== Segment start ==

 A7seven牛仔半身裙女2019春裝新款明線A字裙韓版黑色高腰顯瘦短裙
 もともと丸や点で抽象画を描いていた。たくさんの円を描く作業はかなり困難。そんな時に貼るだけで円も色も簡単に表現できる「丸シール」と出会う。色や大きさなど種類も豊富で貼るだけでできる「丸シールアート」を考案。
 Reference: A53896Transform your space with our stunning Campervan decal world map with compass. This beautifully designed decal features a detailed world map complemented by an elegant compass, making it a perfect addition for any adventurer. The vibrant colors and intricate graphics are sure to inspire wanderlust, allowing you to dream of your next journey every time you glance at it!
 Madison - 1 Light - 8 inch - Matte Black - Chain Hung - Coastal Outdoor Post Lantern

== Segment end ==
== Segment start ==

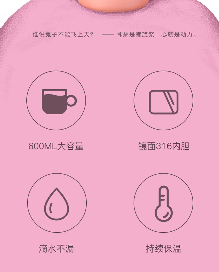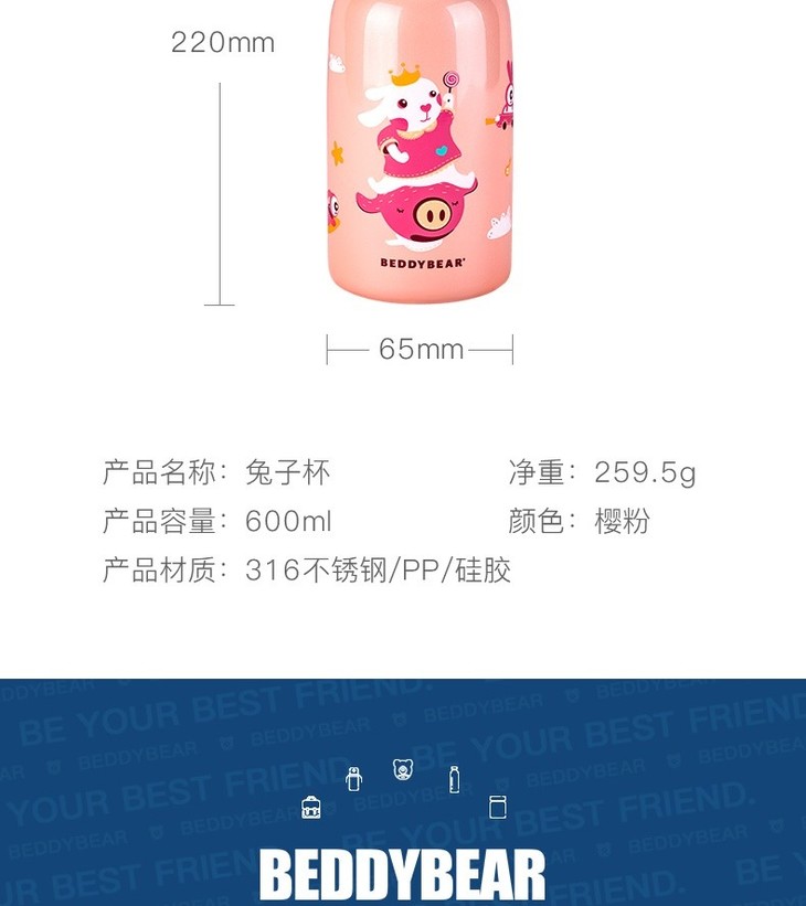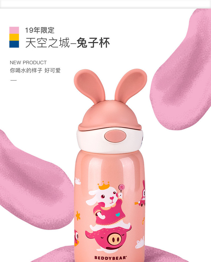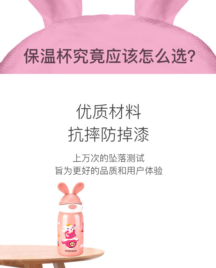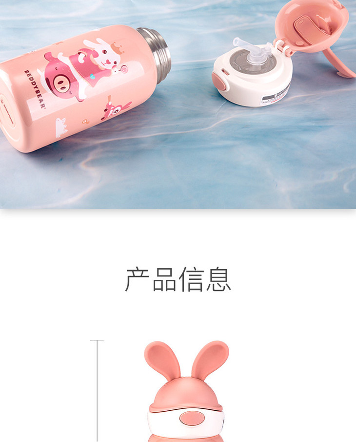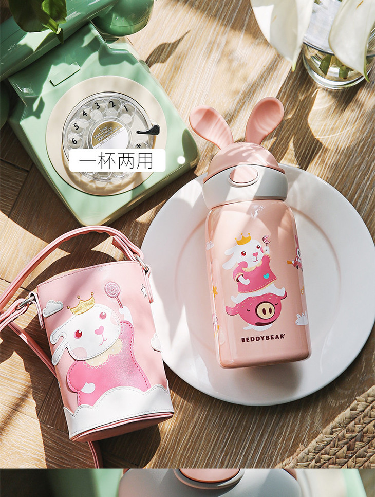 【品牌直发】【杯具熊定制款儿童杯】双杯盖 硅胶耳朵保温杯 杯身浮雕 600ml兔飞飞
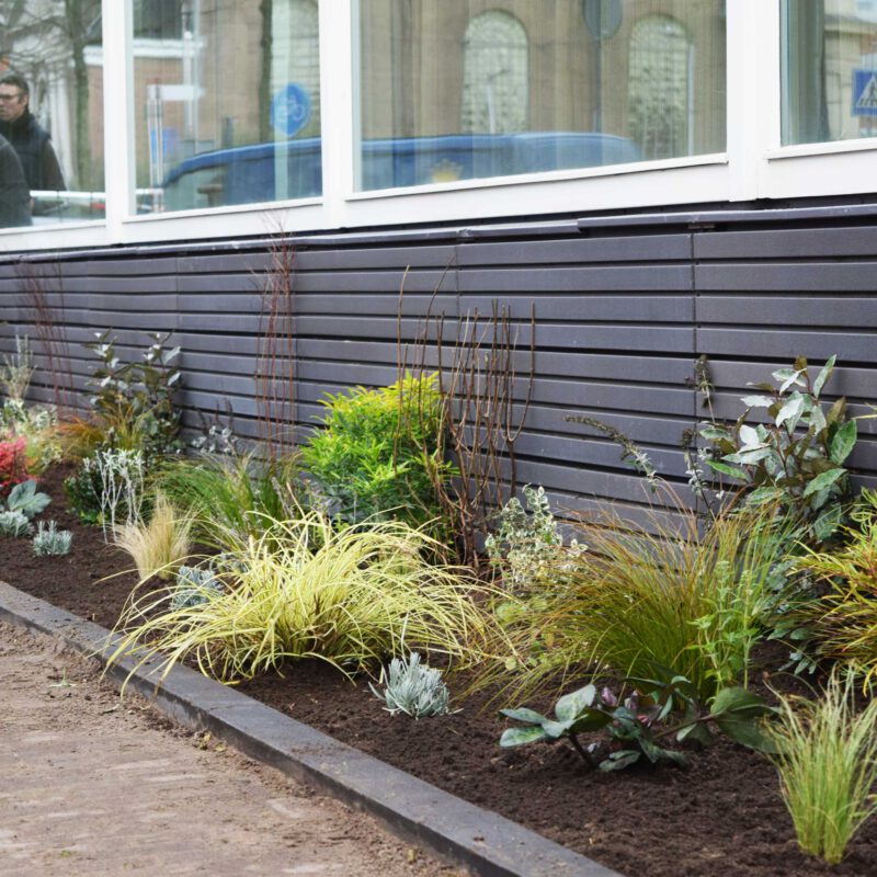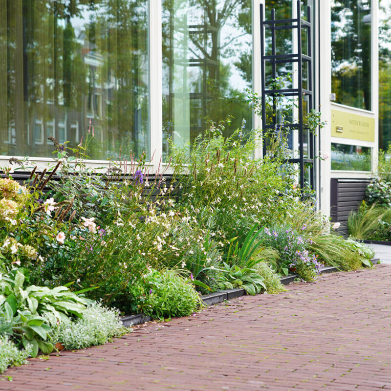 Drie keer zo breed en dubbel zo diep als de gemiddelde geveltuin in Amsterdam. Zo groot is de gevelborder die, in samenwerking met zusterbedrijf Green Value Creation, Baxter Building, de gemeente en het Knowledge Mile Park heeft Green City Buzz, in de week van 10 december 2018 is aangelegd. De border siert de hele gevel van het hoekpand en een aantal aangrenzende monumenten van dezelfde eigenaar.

== Segment end ==
== Segment start ==

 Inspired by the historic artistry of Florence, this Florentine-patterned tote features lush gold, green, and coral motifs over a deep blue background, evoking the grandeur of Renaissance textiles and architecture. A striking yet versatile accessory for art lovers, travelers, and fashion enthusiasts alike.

== Segment end ==

About this task: Find "features" in the preceding records. Copy each line that holds it.

Answer to the problem:
 Reference: A53896Transform your space with our stunning Campervan decal world map with compass. This beautifully designed decal features a detailed world map complemented by an elegant compass, making it a perfect addition for any adventurer. The vibrant colors and intricate graphics are sure to inspire wanderlust, allowing you to dream of your next journey every time you glance at it!
 Inspired by the historic artistry of Florence, this Florentine-patterned tote features lush gold, green, and coral motifs over a deep blue background, evoking the grandeur of Renaissance textiles and architecture. A striking yet versatile accessory for art lovers, travelers, and fashion enthusiasts alike.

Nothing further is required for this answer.